Complaints, Grievances and Appeals
All Prospect Medical members have the right to file a grievance or appeal any decision.
By definition, a grievance is a written or verbal expression of a member’s dissatisfaction with the care or services provided, and may be used to request a review of a complaint or inquiry that has not been resolved to the member’s satisfaction.
A complaint (or inquiry) is a member’s written or verbal request for information or assistance, or an expression of concern about an issue. A complaint can become a grievance.
Complaints and/or grievances should be submitted to the member’s assigned health plan either by phone or in writing.
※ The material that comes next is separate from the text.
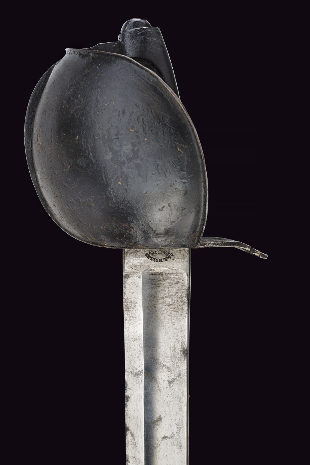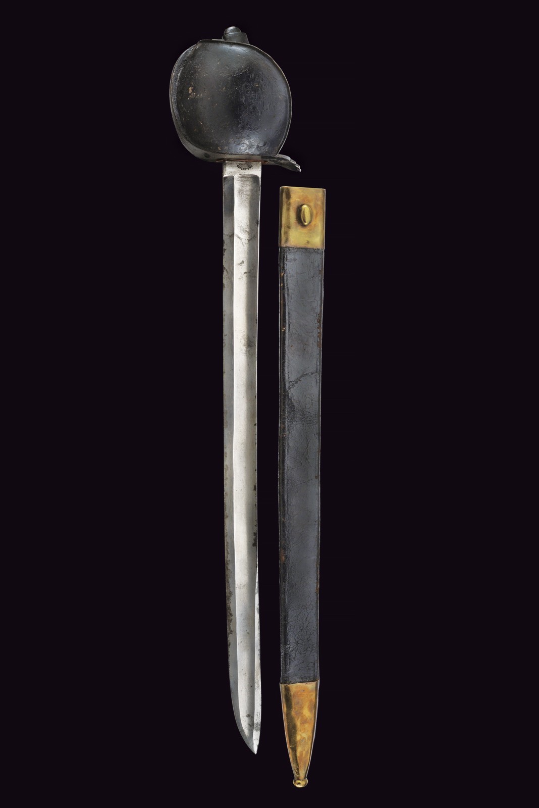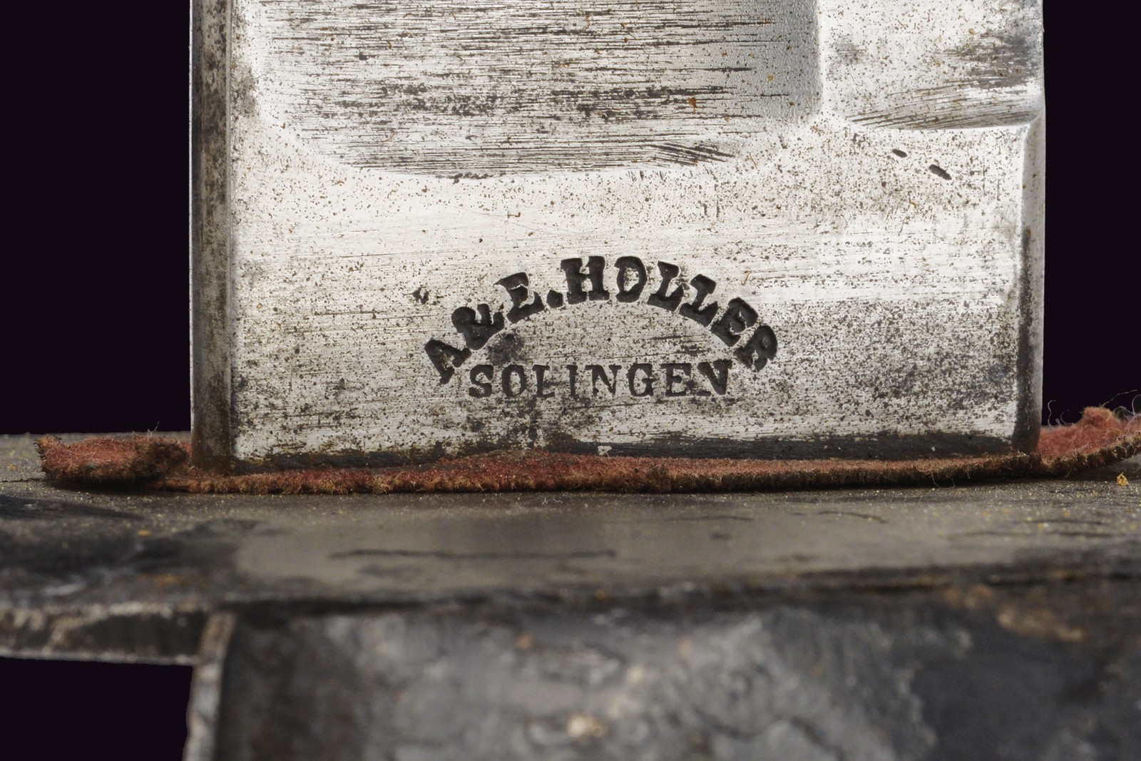 Wide, nearly straight blade with fuller, marked on the ricasso "A. & E. HOLLER SOLINGEN" and marked "EC." Iron mounts finished with black bituminous varnish, featuring a wide knuckle guard. Black-painted, iron grip with a long smooth cap. Complete with a leather scabbard, likely of older manufacture (showing evident signs of wear and age), with brass mounts featuring remains of stamps, not clearly legible.

Should the grievance be received or sent directly to Prospect Medical, it will be forwarded by the Quality Improvement Department to the member’s health plan within 24 hours.
An appeal is a written or verbal request to reconsider the initial determination of a denied healthcare service or claim. Appeals can be requested by submitting a written or verbal notification to your health plan representative to appeal any decision that the member believes is unfair or unjust.
Members have the right to file a discrimination complaint with the United States Department of Health and Human Services Office of Civil Rights if there is a concern of discrimination based on race, color, national origin, age, disability, or sex electronically through the Office for Civil Rights Complaint Portal or by mail or phone at: U.S. Department of Health and Human Services, 200 Independence Avenue SW., Room 509F, HHH Building, Washington, DC 20201. Complaint forms are available at the U.S. Department of Health and Human Services website. Complaints filed with the U.S. Department of Health and Human Services, Office for Civil Rights must be filed within 180 days of the date of the alleged discrimination.